PTO revival rulings are not subject to third party collateral challenge. Here, for example, the decision to revive a PCT national stage entry application for “unintentional” delay was found to be unreviewable by a third party challenger.
Background / Facts: The patent being challenged here by way of petition to the PTO is a national stage entry of a PCT application. The patentee failed to file the required materials to enter the U.S. national stage prior to the statutorily prescribed 30-month date from priority, and consequently the application was initially deemed abandoned. One month later, the patentee filed and the PTO accepted a petition to revive the application, stating that the delay was “unintentional,” using the form provided by the PTO for revival requests. In response to commencement of infringement litigation against it, the third party challenger here petitioned the PTO to “reconsider and withdraw” its revival of the national stage application and to cancel the issued patent.
Issue(s): Whether a third party has the right to challenge, by way of the Administrative Procedure Act (APA), a ruling of the PTO reviving a patent application that had become abandoned by failure to meet a filing schedule established by the Patent Cooperation Treaty and its implementing statute.
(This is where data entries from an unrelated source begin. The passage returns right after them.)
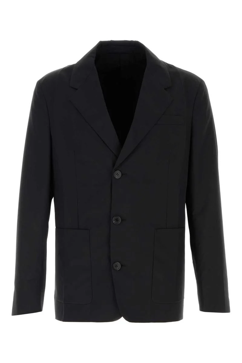 Black wool blend blazer Gender: Men Material: EXTERIOR: 64% VIRGIN WOOL 36% NYLON LINING: 64% VIRGIN WOOL 36% NYLON Color: Black Made in: IT Product ID: UGM334SOOO13L5 F0002 *Import tax/duty will be calculated at checkout (If applicable)
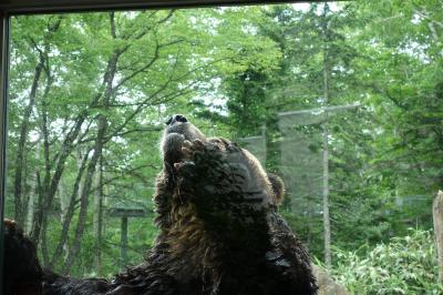 目の前でガラス越しに見る事が出来るヒグマの水浴びも、
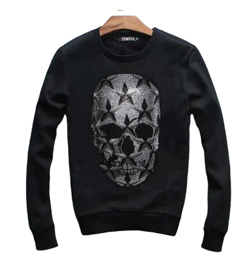 Стразы, мужские толстовки, уличная одежда, теплый мужской свитер с ...

Holding(s): No. “We conclude that Congress did not intend to permit judicial review for challenges such as the one brought here. … The Patent Act’s ‘intricate scheme for administrative and judicial review of PTO patentability determinations,’ and ‘the Patent Act’s careful framework for judicial review at the behest of particular persons through particular procedures’ demonstrate that third party challenge of PTO revival rulings under the APA is not legislatively intended.”